Points for the mountains classification
| Position | 1 | 2 | 3 | 4 | 5 | 6 | 7 | 8 |
| Points for Hors-category | 20 | 15 | 10 | 8 | 6 | 4 | 3 | 2 |
| Points for Category 1 | 12 | 8 | 6 | 4 | 2 | 0 |  |  |
| Points for Category 2 | 6 | 4 | 2 | 0 |  |  |  |  |
| Points for Category 3 | 3 | 2 | 1 |

Additionally, there was a points classification, for which the leader was awarded a blue jersey. In the points classification, cyclists received points for finishing in the top 15 of each stage. For winning a stage, a rider earned 25 points, with 20 for second, 16 for third, 14 for fourth, 12 for fifth, 10 for sixth, and a point fewer per place down to 1 point for 15th place. Points towards the classification could also be won on a 5–3–1 scale for the first three riders, respectively, at intermediate sprint points during each stage; these intermediate sprints also offered bonus seconds towards the general classification as noted above.

There was also a mountains classification, the leadership of which was marked by a green jersey. In the mountains classification, points towards the classification were won by reaching the summit of a climb before other cyclists. Each climb was marked as either hors, first, second, or third-category, with more points available for the higher-categorized climbs.

The fourth and final jersey represented the young rider classification, and its leadership was marked by a white jersey. This was decided in the same way as the general classification, but only riders born after 1 January 2001 (i.e., under 23 years of age at the beginning of the year) were eligible to be ranked in the classification. There was also a team classification, in which the times of the best three cyclists per team on each stage were added together; the leading team at the end of the race was the team with the lowest total time.

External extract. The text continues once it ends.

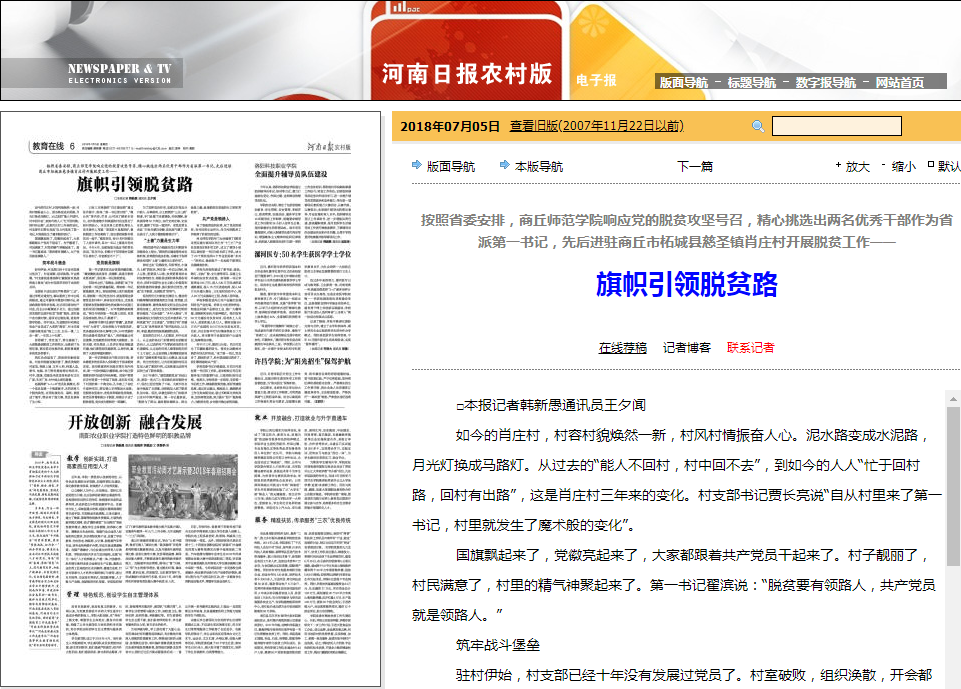 强化党建引领,聚力脱贫攻坚。河南日报农村版报道《旗帜引领脱贫路——纽约国际手机登录抓党建促肖庄村脱贫记》报道纽约国际官网脱贫攻坚工作;《青春为祖国歌唱》获“中国梦·全国脱贫攻坚短视频大赛一等奖”;全面完成脱贫攻坚任务,1名荣获“全省脱贫攻坚工作先进个人”称号,1人记功,2人获嘉奖,1个单位获集体嘉奖。

Classification leadership by stage
Stage: Winner; General classification; Points classification; Mountains classification; Young rider classification; Team classification
1: Elia Viviani; Elia Viviani; Elia Viviani; Michal Schuran; Tobias Lund Andresen; Team dsm–firmenich
2: Iúri Leitão; Caja Rural–Seguros RGA
3: Nicolò Parisini; Tobias Lund Andresen; Tobias Lund Andresen; Marvin Hammerschmid; Team dsm–firmenich
4: Matej Mohorič; Magnus Sheffield; Jonas Abrahamsen; Magnus Sheffield; Uno-X Pro Cycling Team
5: Orluis Aular; Orluis Aular; Orluis Aular; Jonas Rapp
6: Campbell Stewart; Alexander Kristoff
Final: Orluis Aular; Alexander Kristoff; Jonas Rapp; Magnus Sheffield; Uno-X Pro Cycling Team

- On stage 2, Alexander Kristoff, who was third in the points classification, wore the blue jersey, because first-placed Elia Viviani wore the red jersey as the leader of the general classification and second-placed, Tobias Lund Andresen, wore the white jersey as the leader of the youth rider classification.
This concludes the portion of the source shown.